Ajaran beliau mengajarkan pentingnya menjadi jujur terhadap diri sendiri dan orang lain. Nilai ini relevan dalam transformasi sosial karena mendorong terciptanya budaya yang transparan dan bertanggung jawab. Jika kejujuran menjadi prinsip dasar individu dalam menjalankan peran di masyarakat, maka peluang korupsi akan semakin kecil.
3. Kesederhanaan dan Menghindari Materialisme
Ki Ageng Suryomentaram mempromosikan kehidupan yang sederhana dan tidak terikat pada materi. Korupsi sering kali berakar pada obsesi terhadap kekayaan dan kemewahan. Dengan mempraktikkan nilai-nilai kesederhanaan, seseorang dapat mengurangi motivasi untuk menyalahgunakan kekuasaan demi keuntungan pribadi.
4. Pemberdayaan Spiritual untuk Transformasi Sosial
Transformasi yang dimaksud tidak hanya menyentuh aspek struktural, tetapi juga nilai-nilai yang mendasari interaksi sosial. Ajaran beliau tentang keseimbangan batin dan harmoni sosial memberikan pendekatan yang unik untuk menciptakan masyarakat yang lebih etis dan manusiawi.
Di era modern ini, ajaran ini bisa kita terapkan melalui pendidikan karakter yang menanamkan nilai-nilai integritas, empati, dan pengendalian diri. Dalam upaya pemberantasan korupsi, pendekatan berbasis spiritual ini melengkapi strategi hukum dan struktural dengan memberikan fondasi moral yang kokoh.

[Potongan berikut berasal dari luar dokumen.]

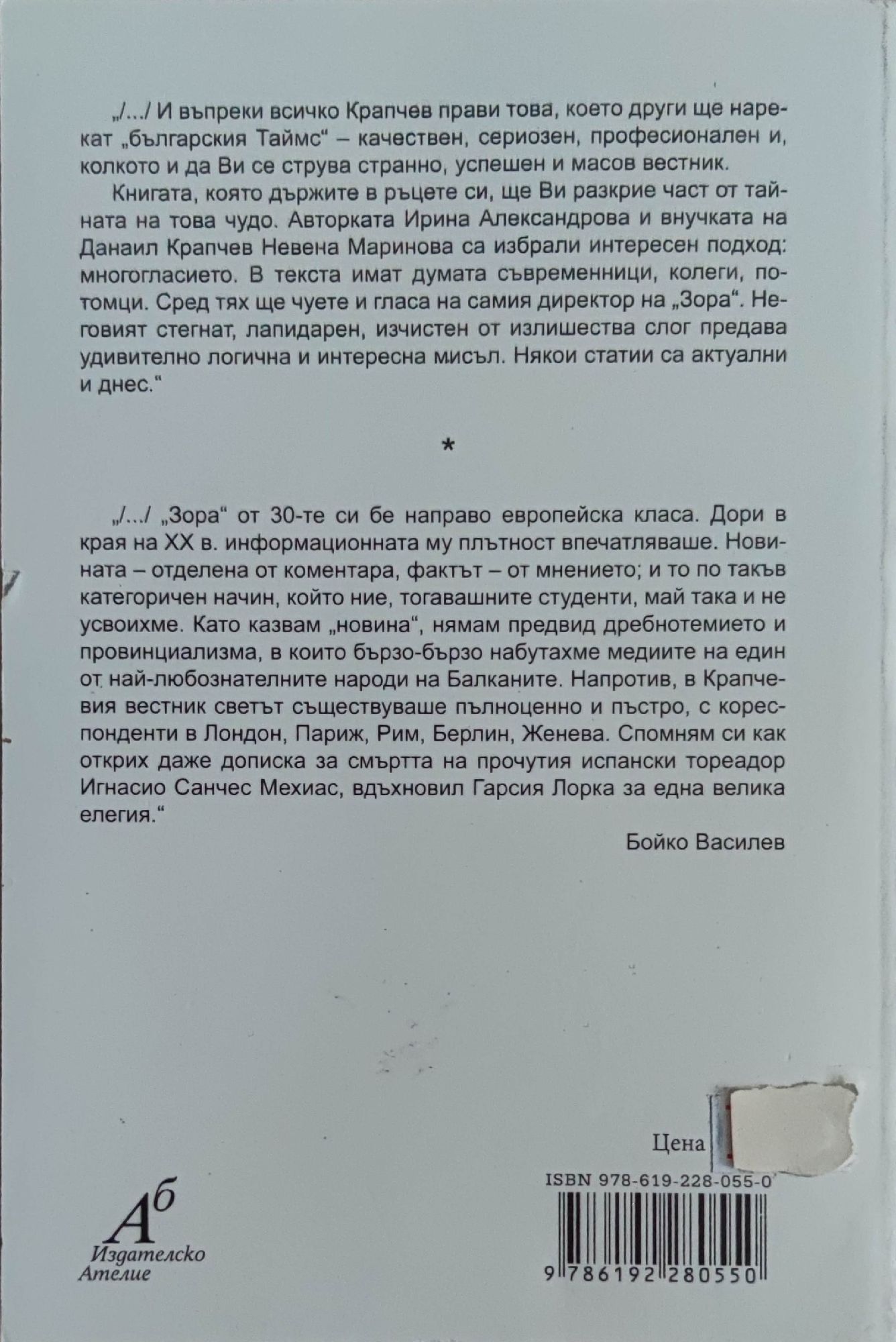 7,16 € / 14,00 лв.Много добро състояние на книжното тяло. С минимални забележки за някои ръбове на кориците

Enam SA versi Ki Ageng Suryomentaram ini dapat kita terapkan didalam kehidupan kita pribadi untuk mengenal diri sendiri, dan memahami diri sendiri, atau sering disebut juga "pengawikan pribadi." pengawikan pribadi ini bertujuan untuk mengendalikan keinginan pada:
1. Semat (keinginan material)
Misalnya seperti harta atau kekayaan, rasa nyaman atau keenakan, dan tabiat atau kesenangan.
2. Derajat (keinginan untuk diakui orang lain)
Misalnya seperti keluhuran, kemulyaan atau dimuliakan, serta senang apabila selalu dibangga-banggakan.
3. Kramat (status sosial/keinginan untuk menguasai)
Misalnya seperti ingin dipuji-puji, dipercayakan, disegani dan memiliki kekuasaan penuh.